J.A.I. : Le gouvernement camerounais s’est vivement ému de l’expulsion massive de ses
ressortissants présents en Guinée équatoriale survenue en mars dernier, en marge de l’affaire des mercenaires. La tension est-elle apaisée ?
T.O.N. : Je le souhaite et je le crois. J’ai fourni à mon frère, le président Biya, toutes les explications nécessaires sur le pourquoi et le comment de cette opération. Vous savez, le Cameroun est un grand pays auquel nous devons faire particulièrement attention. Je ne parle pas du gouvernement de Yaoundé, mais des Camerounais en tant que tels : ils sont très nombreux et émigrent partout en Afrique centrale, en Centrafrique, au
Congo, au Gabon, chez nous. Beaucoup sont sans papiers et nous devons donc être vigilants. Cela dit, il y a en Guinée des sociétés camerounaises importantes et respectées
qui exercent tout à fait librement leurs activités, notamment dans la finance. Quoique sur ce point aussi, nous sommes attentifs. Nous avons déjà la CCI Bank à Malabo, il n’est donc pas souhaitable qu’une seconde banque camerounaise celle du groupe Fotso, en l’occurrence s’installe ici, quelle que soit par ailleurs son honorabilité. Un pays, une banque : c’est la règle si nous voulons éviter les risques de fuite des capitaux.
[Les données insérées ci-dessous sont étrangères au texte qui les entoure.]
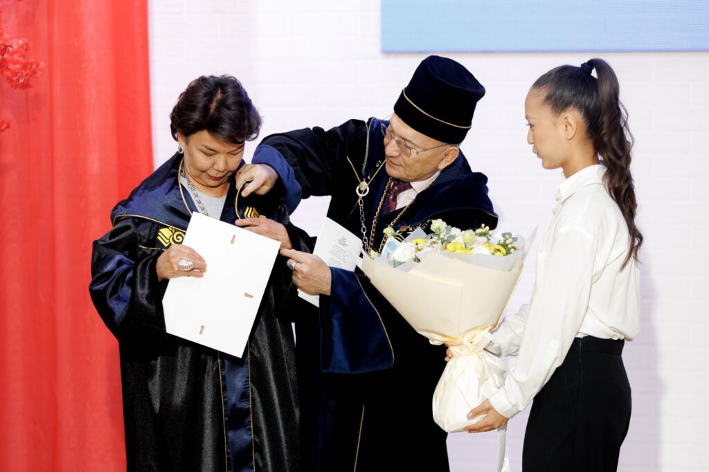 В рамках церемонии состоялось присвоение звания «Почётный профессор AlmaU» Жанат Бердалиной – почётному члену Совета попечителей AlmaU, независимому директору Polymetal, экс-президенту и управляющему партнёру KPMG в Казахстане и Центральной Азии.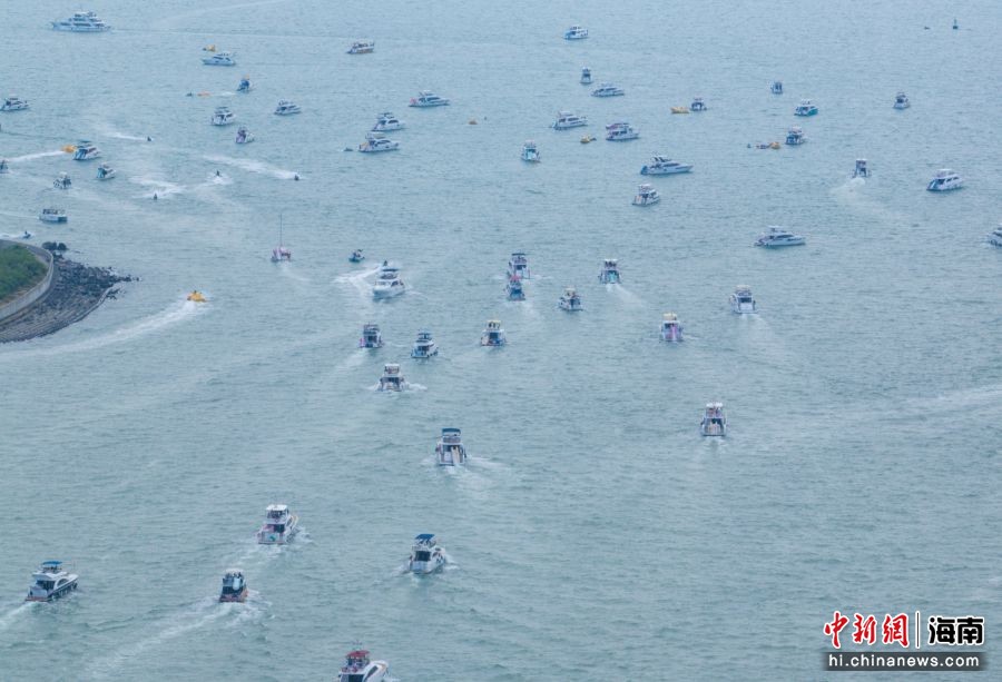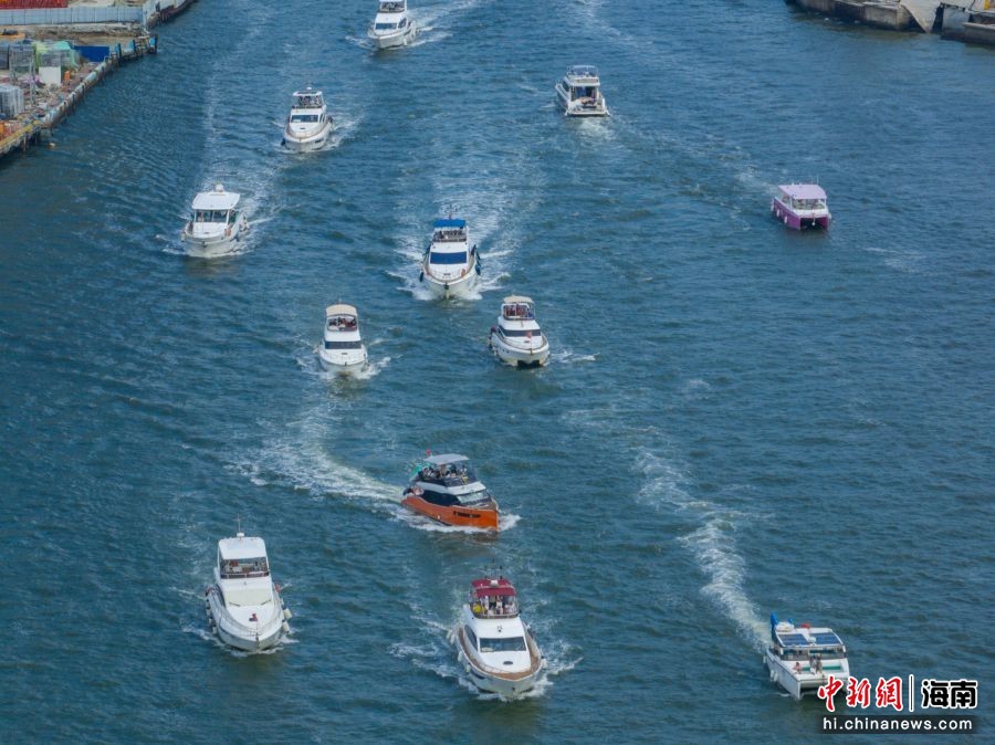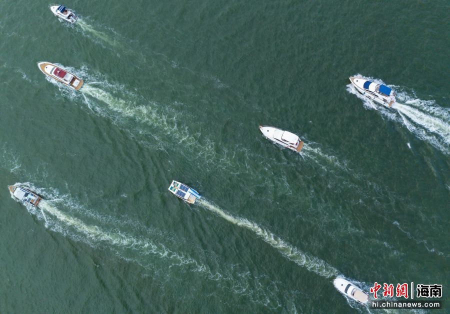 图为航拍出海游玩的游艇有序出港。骆云飞 摄

J.A.I. : Vous n’ignorez pas que beaucoup de gens, plus ou moins bien informés, spéculent sur votre état de santé. Cette affaire de mercenaires ne vous a point trop marqué ? Comment allez-vous ?
T.O.N. : Comme vous le voyez. Ai-je l’air malade ? Mon état de santé est excellent. Et tant pis pour ceux qui prennent leurs désirs pour des réalités.